What Is the Pearson Correlation Coefficient?
The Pearson correlation coefficient, denoted r, measures the strength and direction of the linear relationship between two numeric variables. Its value always falls between −1 and +1: a value of +1 means a perfect positive linear relationship, −1 means a perfect negative relationship, and 0 means no linear correlation at all. It is one of the most widely used statistics in research, finance, and data science.
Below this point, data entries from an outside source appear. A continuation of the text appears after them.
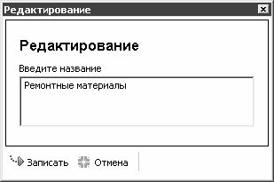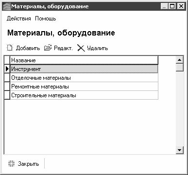 В данном окне содержится список введенных ранее разделов материалов. Для добавления нового раздела нужно нажать кнопку Добавить, расположенную над списком, либо выполнить команду Действия►Добавить; чтобы отредактировать введенный ранее раздел, следует нажать кнопку Редакт. или выполнить команду Действия►Редакт. При выполнении любого из перечисленных действий на экране открывается окно, которое показано на рис. 1.6.
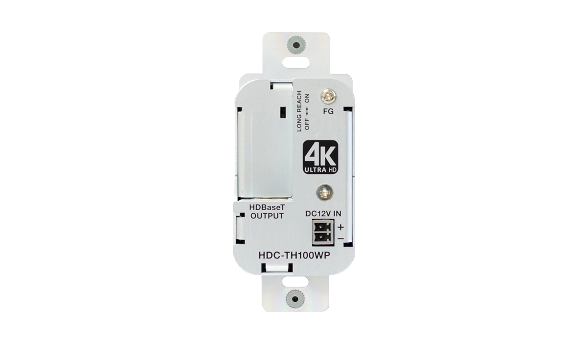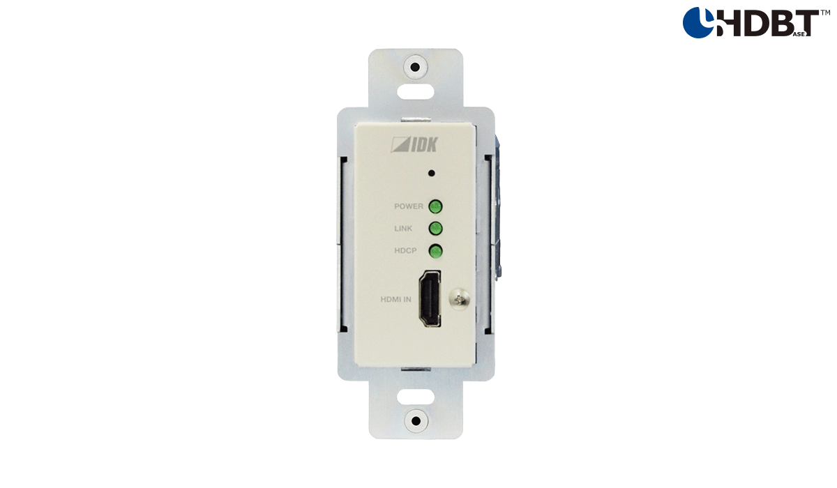 The IDK HDC-TH100WP is a wall-mountable transmitter for a long-haul transmission of HDMI signal over one single twisted pair cable.
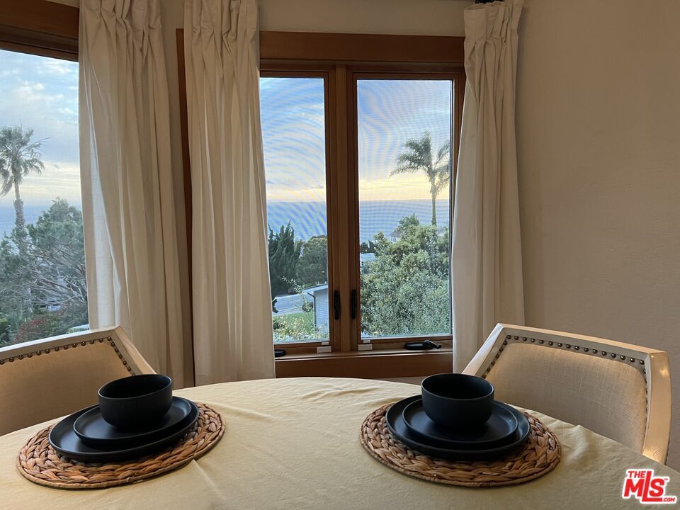 Enjoy privacy in this elegant gated ocean view Mediterranean retreat in Malibu's Broad Beach community , just steps from the beach. The center courtyard is surrounded by lush landscaping with a flowing fountain, jacuzzi and good old fashioned porch swing . Breathtaking ocean view in most rooms make for a beachy feel. The master suite leads to the newly remodeled spa bathroom with claw-foot tub and steam shower.The master also has a lovely sitting area with ocean views. 2 Additional bedrooms and a shared bath complete the. sleeping level. The designer kitchen with pendant lighting is chic and functional with 2 prep islands and an informal dining area as well as formal dining room. A spacious family room/ den with a sleeper sofa, can be used as the 4th bedroom. The attached gym opens to the courtyard with the view of garden. Walking distance to the Vintage shoppoing center , as well as 4 beach entrances on Broad Beach. MLS# 25-480469
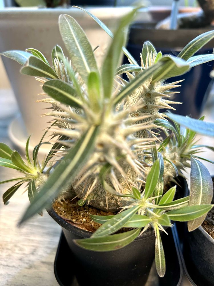 新芽🌱育成記録😊パキポディウム😊皆さん春を感じて新芽が出て来ました😊少し徒長気味です😊デンシフローラムは隣のディッキアのトゲにやられ葉っぱがズタボロです〜😊ビスピノーサムはまだまだ花芽がいっぱい
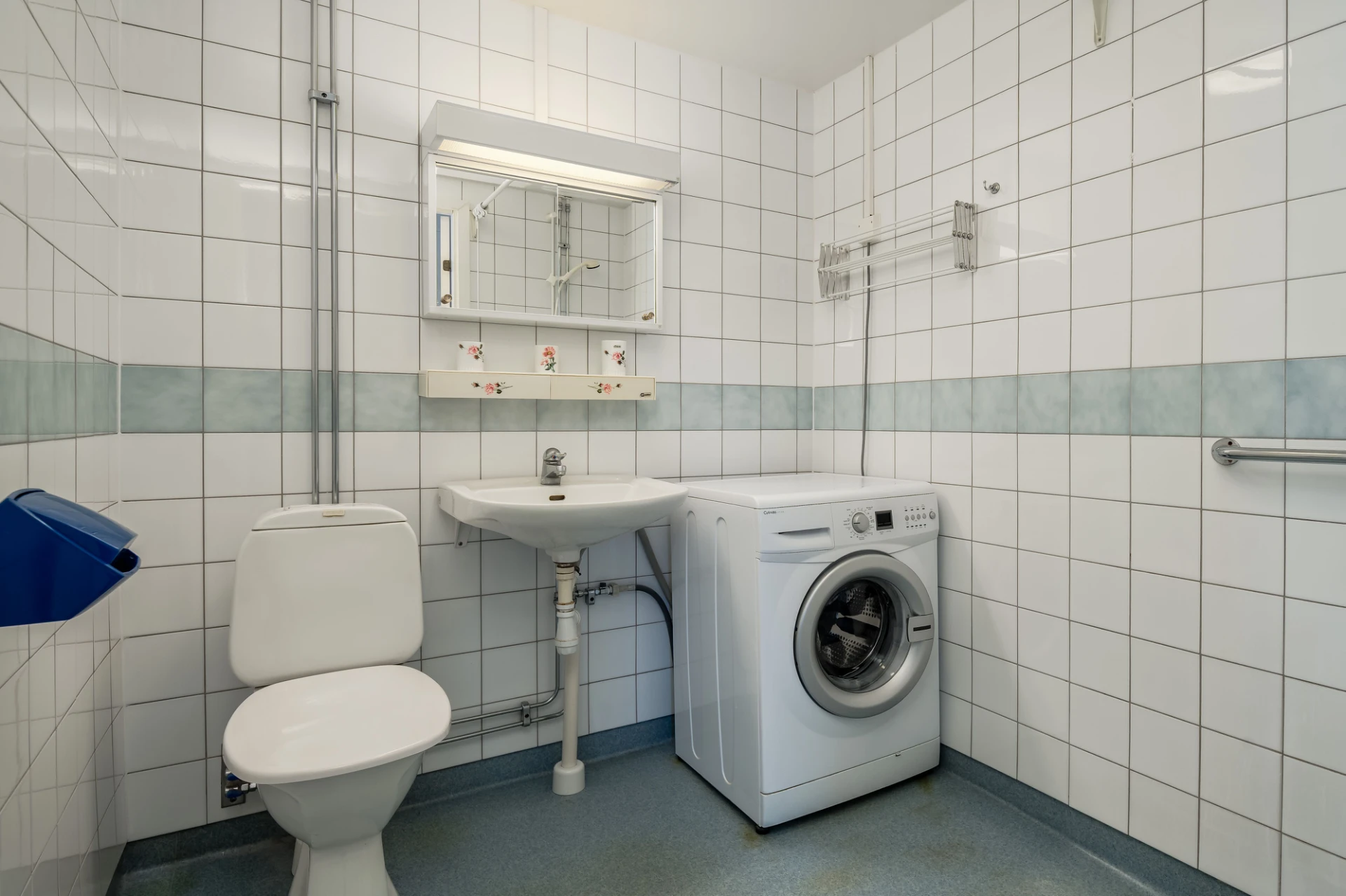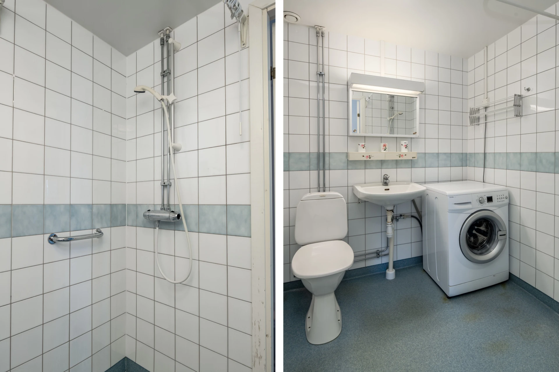 Våtrumsmatta och vitt kakel på väggar. Tvättställ, WC, dusch och tvättmaskin.

How to Use This Calculator
Enter your X values and Y values as comma- or space-separated lists. Each X must pair with the Y in the same position, so both lists should contain the same number of values. The calculator returns r, the coefficient of determination r², the number of paired observations, and the mean of each variable.
The Formula Explained
The formula subtracts each value from its mean to get deviations, multiplies the paired X and Y deviations and sums them (the numerator), then divides by the square root of the product of the summed squared deviations (the denominator):
$$r = \frac{\sum (x_i - \bar{x})(y_i - \bar{y})}{\sqrt{\sum (x_i - \bar{x})^2 \; \sum (y_i - \bar{y})^2}}$$The numerator captures how the variables move together (covariance), while the denominator normalises the result so it stays in the −1 to +1 range.
Worked Example
Suppose X = 1, 2, 3, 4, 5 and Y = 2, 4, 5, 4, 5. The means are \(\bar{x} = 3\) and \(\bar{y} = 4\). The sum of deviation products is 6, \(\sum (x_i - \bar{x})^2 = 10\), and \(\sum (y_i - \bar{y})^2 = 6\). So $$r = \frac{6}{\sqrt{10 \times 6}} = \frac{6}{\sqrt{60}} \approx 0.7746$$ This indicates a strong positive linear relationship, with \(r^2 \approx 0.60\) meaning about 60% of the variance is shared.
FAQ
What does r² tell me? r² (r squared) is the proportion of variance in one variable that is predictable from the other — useful for judging how well a linear model fits.
Does a high r mean causation? No. Correlation measures association, not cause. A strong r can arise from coincidence or a hidden third variable.
Why must X and Y have equal length? Pearson's r works on paired observations. If the lists differ in length, only the first n pairs are used, where n is the shorter count.